[Items from a dataset]
━━━

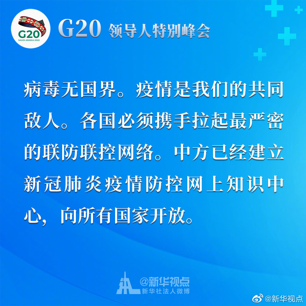 習(xí)近平在二十國集團領(lǐng)導(dǎo)人應(yīng)對新冠肺炎特別峰會上重要講話金句
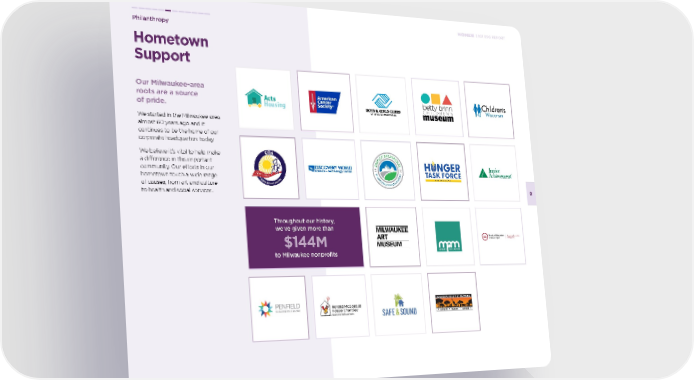 Hometown Support Philanthropy 2021 ESG REPORT Our Milwaukee-area roots are a source of pride. We started in the Milwaukee-area almost 60 years ago and it continues to be the home of our corporate headquarters today. We believe it’s vital to help make a difference in this important community. Our efforts in our hometown touch a wide range of causes, from art and culture to health and social services. Throughout our history, we’ve given more than $144M to Milwaukee nonprofits 52
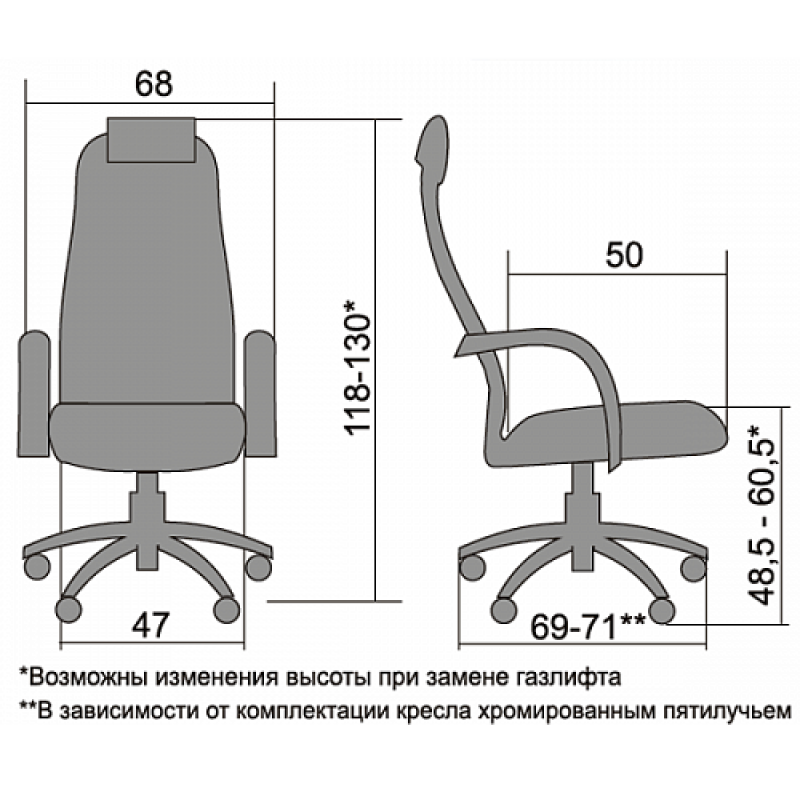 **Высота сиденья в верхнем и нижнем положении может быть изменена, в зависимости от модели применяемого газ-лифта.
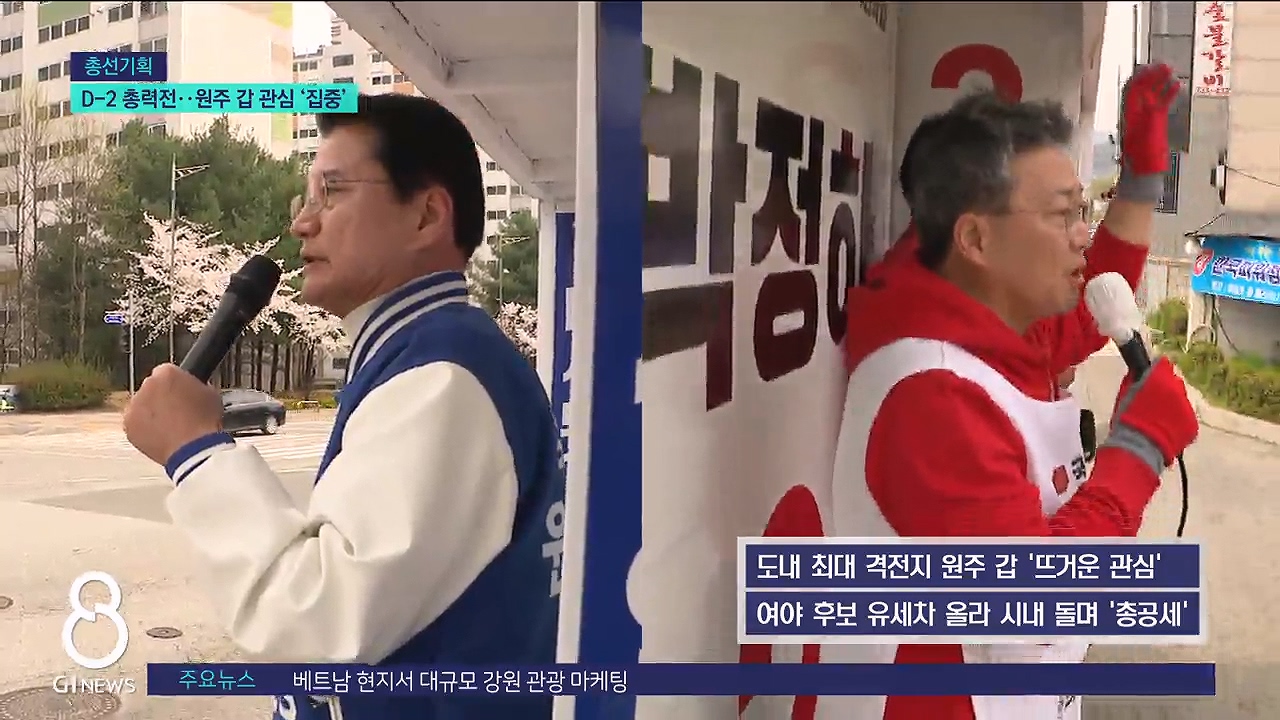 특히 원주갑 선거구는 리턴매치인데다 극적인 차이로 당락이 결정될 수 있다는 전망까지 나오면서, 최대 관심 지역으로 떠올랐습니다.
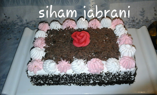 ممكن تزيين الجوانب بالفرمسيل بعد تغطيتهم بالكريمة و جوانب حلوة لاكريم بوريدات كريمة الشونتيي و الوسط الشكلاط محكوك
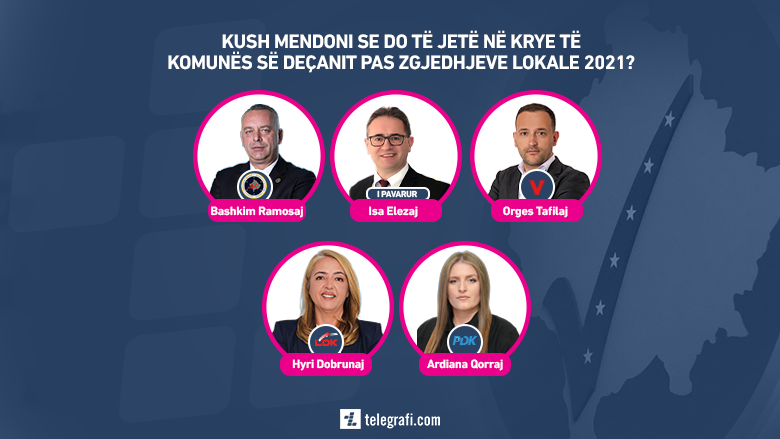 Në garë për kryetar të Deçanit janë pesë kandidatë: Bashkim Ramosaj (AAK), Isa Elezaj (kandidat i pavarur), Orges Tafilaj (LVV), Hyri Dobrunaj (LDK) dhe Ardiana Qorraj (PDK).

━━━

REQUIREMENT
Every record above must be repeated exactly, with the pictures dropped.

ANSWER TO THE EXERCISE
 習(xí)近平在二十國集團領(lǐng)導(dǎo)人應(yīng)對新冠肺炎特別峰會上重要講話金句
 Hometown Support Philanthropy 2021 ESG REPORT Our Milwaukee-area roots are a source of pride. We started in the Milwaukee-area almost 60 years ago and it continues to be the home of our corporate headquarters today. We believe it’s vital to help make a difference in this important community. Our efforts in our hometown touch a wide range of causes, from art and culture to health and social services. Throughout our history, we’ve given more than $144M to Milwaukee nonprofits 52
 **Высота сиденья в верхнем и нижнем положении может быть изменена, в зависимости от модели применяемого газ-лифта.
 특히 원주갑 선거구는 리턴매치인데다 극적인 차이로 당락이 결정될 수 있다는 전망까지 나오면서, 최대 관심 지역으로 떠올랐습니다.
 ممكن تزيين الجوانب بالفرمسيل بعد تغطيتهم بالكريمة و جوانب حلوة لاكريم بوريدات كريمة الشونتيي و الوسط الشكلاط محكوك
 Në garë për kryetar të Deçanit janë pesë kandidatë: Bashkim Ramosaj (AAK), Isa Elezaj (kandidat i pavarur), Orges Tafilaj (LVV), Hyri Dobrunaj (LDK) dhe Ardiana Qorraj (PDK).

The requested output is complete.